Queensland shines spotlight on mental health
Hundreds of business leaders and work health and safety professionals are set to gather in Brisbane this Thursday to learn about suicide prevention, resilience, workplace interventions and the importance of creating a psychologically safe workplace as part of Mental Health Week (5–13 October).
The Mental Health Forum — to be held at Brisbane Convention and Exhibition Centre on 10 October — aims to raise awareness about mental health risks, encourage attendees to manage their wellbeing and explore the key ingredients needed for a mentally healthy and safe workplace. Such workplaces have better worker engagement, job satisfaction, fewer workers compensation claims, increased productivity and less absenteeism and staff turnover, according to Queensland Industrial Relations Minister Grace Grace.
“It’s estimated poor psychological health and safety costs Australian organisations $6 billion each year in lost productivity. This includes workers who may not necessarily be suffering from a mental health condition but are impacted by stressful and unsupportive workplaces,” Grace said.
Queensland Mental Health Ambassador and four-time Olympic gold medallist Libby Trickett said this week “puts the spotlight firmly on [mental health] and we need to have these candid conversations”. As part of her role as Ambassador, Trickett visits workplaces across the state, sharing her battle with depression and recovery.
“It’s hard to relive your own painful experiences, let alone share a family history of poor mental health and depression — but these kinds of stories need to be told and I’m opening up about mine,” Trickett said. “I suffered depression after stepping away from the pool in 2010. But with the help of family and friends, as well as professionals, I’ve been able to bounce back. One thing that helped me turn things around was exercise, so I’m all about finding positives in people’s lives which give them renewed focus and hope.

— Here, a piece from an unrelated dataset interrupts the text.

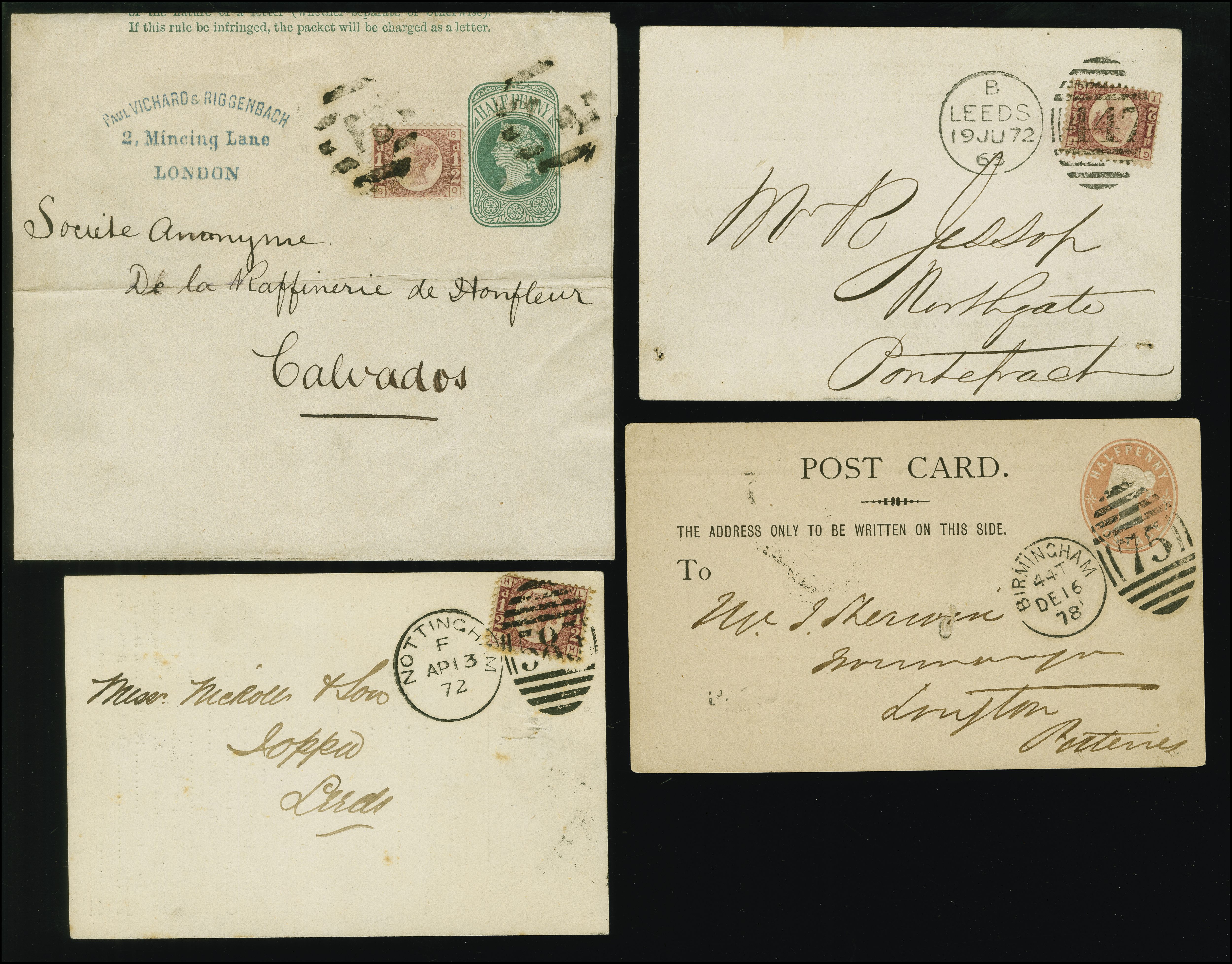 90061 cover image1872/78: Group of three stationery examples, comprising two early private commercial post cards 1872 and franked with Line Engraved 1870, ½ penny rose-red, one sent from Leeds to Pontefract, the other from Nottingham to Leeds. Both with printed reverse. Also, a 1877, newspaper wrapper ½ penny green uprated with 1870, ½ penny rose-red sent to Calvados. Mostly fine. Scarce, the private cards surprisingly hard to locate, especially in good condition. (H&G 5)Two private printed cards:-Reference: The Postal History of the Universal Postal Union: The Postal Card, Worldwide 1869-1975, Volume 1, illustrated pg. 114 (Leeds) & 114 (Nottingham) (Image 1) (Image 2)
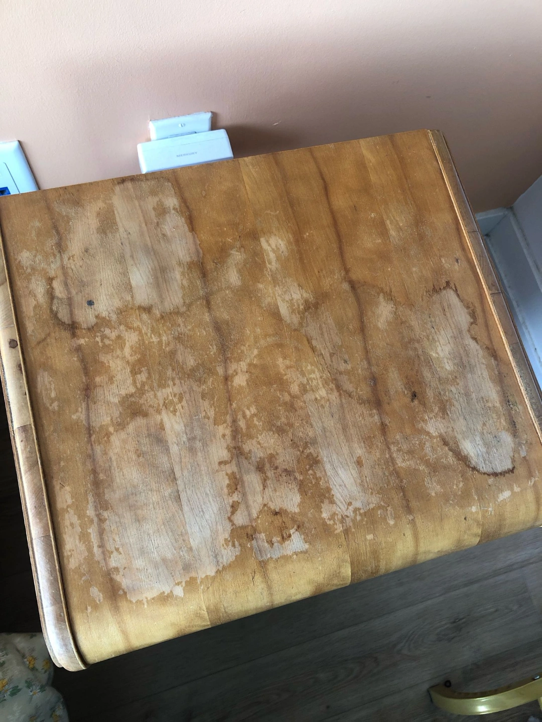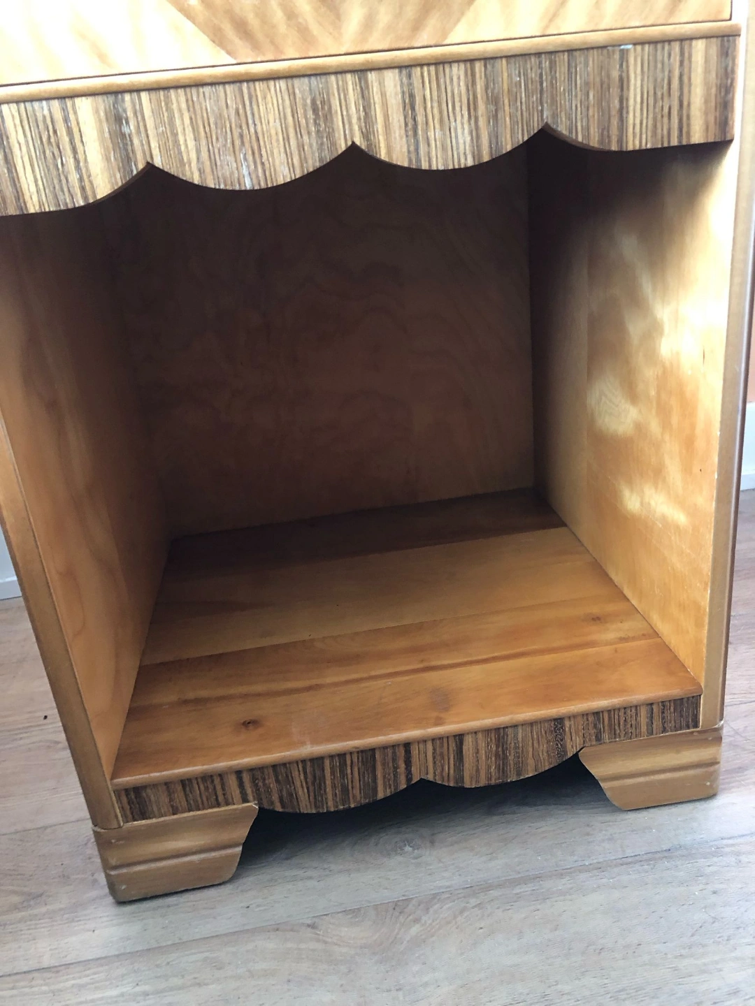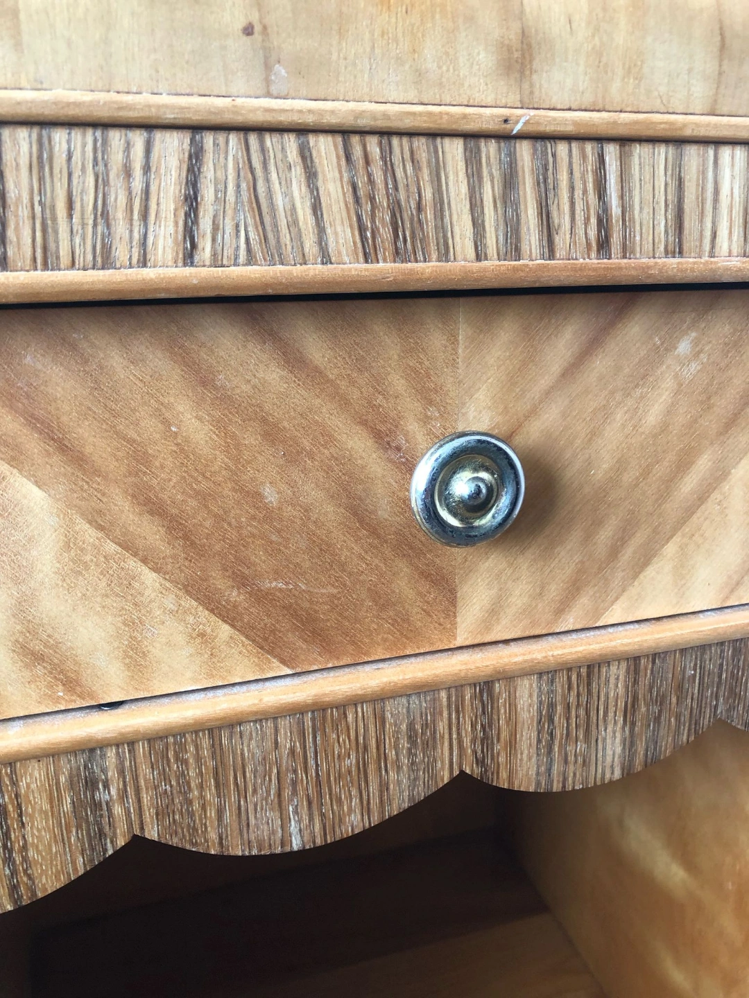 Vintage 1940s side table with waterfall edge and pretty scalloped detail. Some refinishing needed on top.

“It was a very difficult time for me and it takes a lot of courage to finally admit you’re not okay,” Trickett said. “I felt really isolated, I felt very lonely during that time, but it was the support and the love and the connection that I had with my family and friends which allowed me to push through it. Every day in our lives we should connect with people, be it family, friends or work colleagues, and just check to see if they are okay.”